News

People who kill children will face mandatory life sentences under new Arthur’s Law

The law has been named after six-year-old Arthur Labinjo-Hughes, who was murdered by his stepmother last year

Published

on

@BorisJohnson / Twitter

The Prime Minister has backed a newly proposed law that will ensure child murderers will never leave prison.

Following the horrifying death of six-year-old Arthur Labinjo-Hughes, Boris Johnson has announced that his government will be amending the Police, Crime, Sentencing and Courts Bill to make ‘whole-life orders the starting point for such abhorrent crimes’. 

Johnson said in a statement: “Anyone who plans then carries out the murder of a child should never be released from prison.
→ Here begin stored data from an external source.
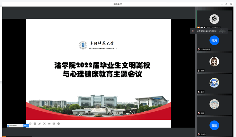 为引导2022届毕业生正确认识疫情防控形势,切实做好毕业生文明离校教育、管理和服务工作,营造健康有序、文明和谐的校园氛围,法学院于5月19日在腾讯会议召开2022届毕业生文明离校与心理健康教育主题会议。此次会议由毕业班辅导员胡五木主持,法学院党委书记钱守云、党委副书记李阳以及全体毕业生共同参加。
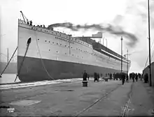 Harland and Wolff built Edinburgh Castle at Belfast, launching her on 27 January 1910[2] and completing her that April. When she was opened for public inspection on Whit Monday, 16 May 1910 about 1,000 people boarded her. On 21 May 1910 Edinburgh Castle sailed for South Africa.[3] Edinburgh Castle and her sister ship Balmoral Castle[Note 1] were at the time the largest and most powerful vessels in the South African trade.[4]
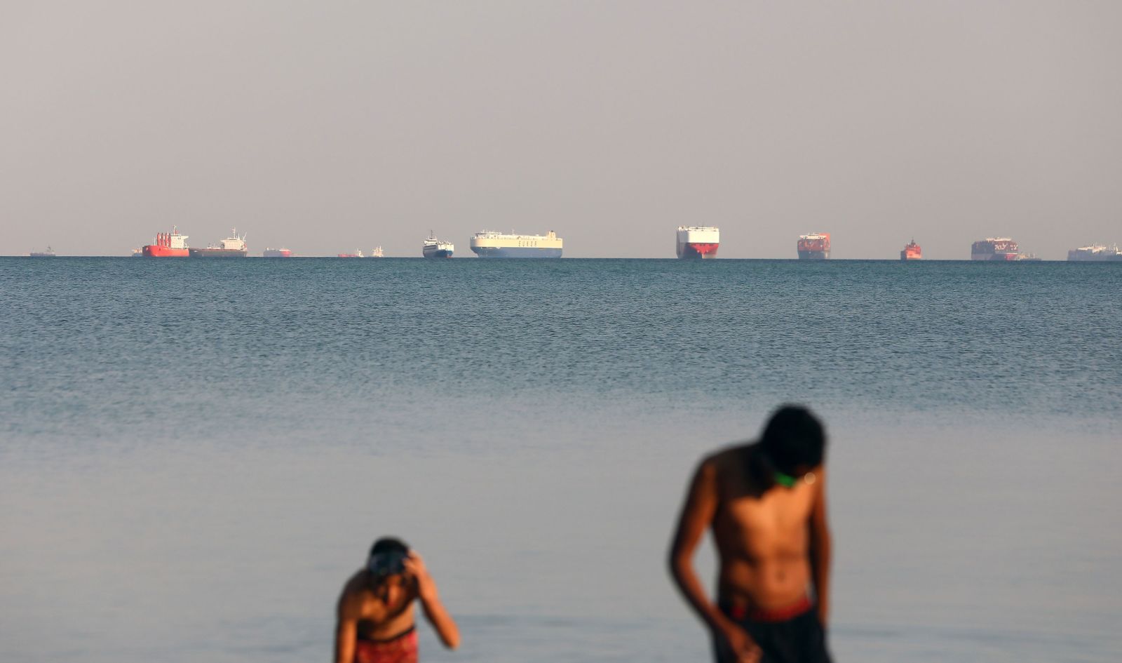 Nhiều tàu hàng neo đậu bên ngoài kênh đào Suez, chờ để được đi qua. Ảnh: EPA - EFE
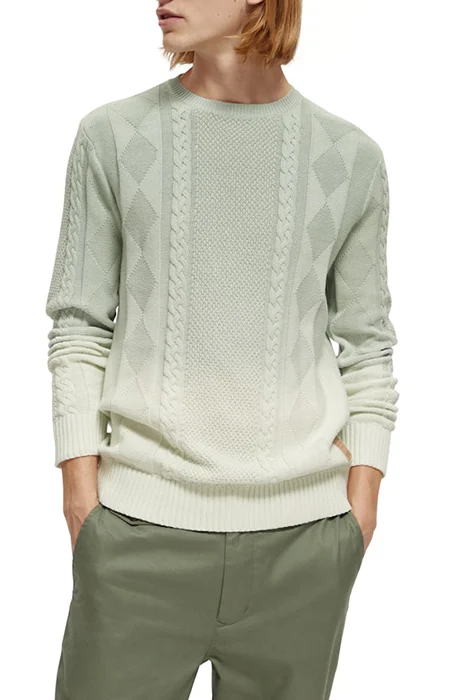 GRADIENT COTTON CABLE KNIT PULLOVER MINT
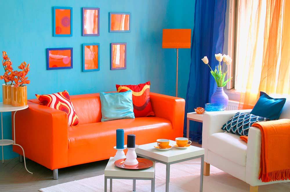 Оранжевый диван – решение молодых современных людей, которые идут в ногу со временем и общественным мнением. Такой вариант отлично смотрится в помещениях с синими, зелеными, голубыми стенами. Он подходит для поп-арт стиля. Разбавить помещение в таком случае можно различным точечным освещением.

So we’re toughening the law to make whole-life orders the starting point for such abhorrent crimes.

“The Attorney General is also urgently considering the facts of this case and the sentence handed down, but this is a Government that will always legislate for the toughest possible sentences for such repugnant crimes.”

Arthur’s stepmother Emma Tustin was jailed last week for at least twenty-nine years for his murder, while his father Thomas Hughes was sentenced to twenty-one years for manslaughter.
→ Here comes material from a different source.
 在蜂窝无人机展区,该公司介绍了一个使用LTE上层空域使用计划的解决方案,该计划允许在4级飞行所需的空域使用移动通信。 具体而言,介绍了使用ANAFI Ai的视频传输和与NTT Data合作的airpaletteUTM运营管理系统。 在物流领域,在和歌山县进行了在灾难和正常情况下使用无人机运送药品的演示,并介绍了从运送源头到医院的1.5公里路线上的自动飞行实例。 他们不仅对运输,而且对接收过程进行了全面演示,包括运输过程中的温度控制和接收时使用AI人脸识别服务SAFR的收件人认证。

However, the attorney general announced over the weekend that the sentences are to be reviewed to ‘determine whether they were too low’. 
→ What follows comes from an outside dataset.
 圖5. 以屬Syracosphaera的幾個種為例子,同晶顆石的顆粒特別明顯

According to The Guardian, the AGO has twenty-eight days from the date of sentence to review a case, assess whether it falls under the Unduly Lenient Sentence (ULS) scheme and make a decision as to whether to refer a sentence to the court of appeal. 

West Midlands Police

Arthur died in Solihull, Midlands on June 16th 2020, as a result of a serious head injury inflicted by Tustin. His body was also covered in 130 bruises.

It was later discovered that the six-year-old had been starved, beaten and poisoned with salt in the weeks leading to his death.

Harrowing footage recently released by West Midlands Police show a weak and emancipated Arthur struggling to lift his duvet from the living room floor, where he had been forced to sleep. 

Social worker and member of the House of Lords Herbert Laming said the reduction in funding for social care in the last ten years meant abused and neglected children like Arthur were being missed by the authorities.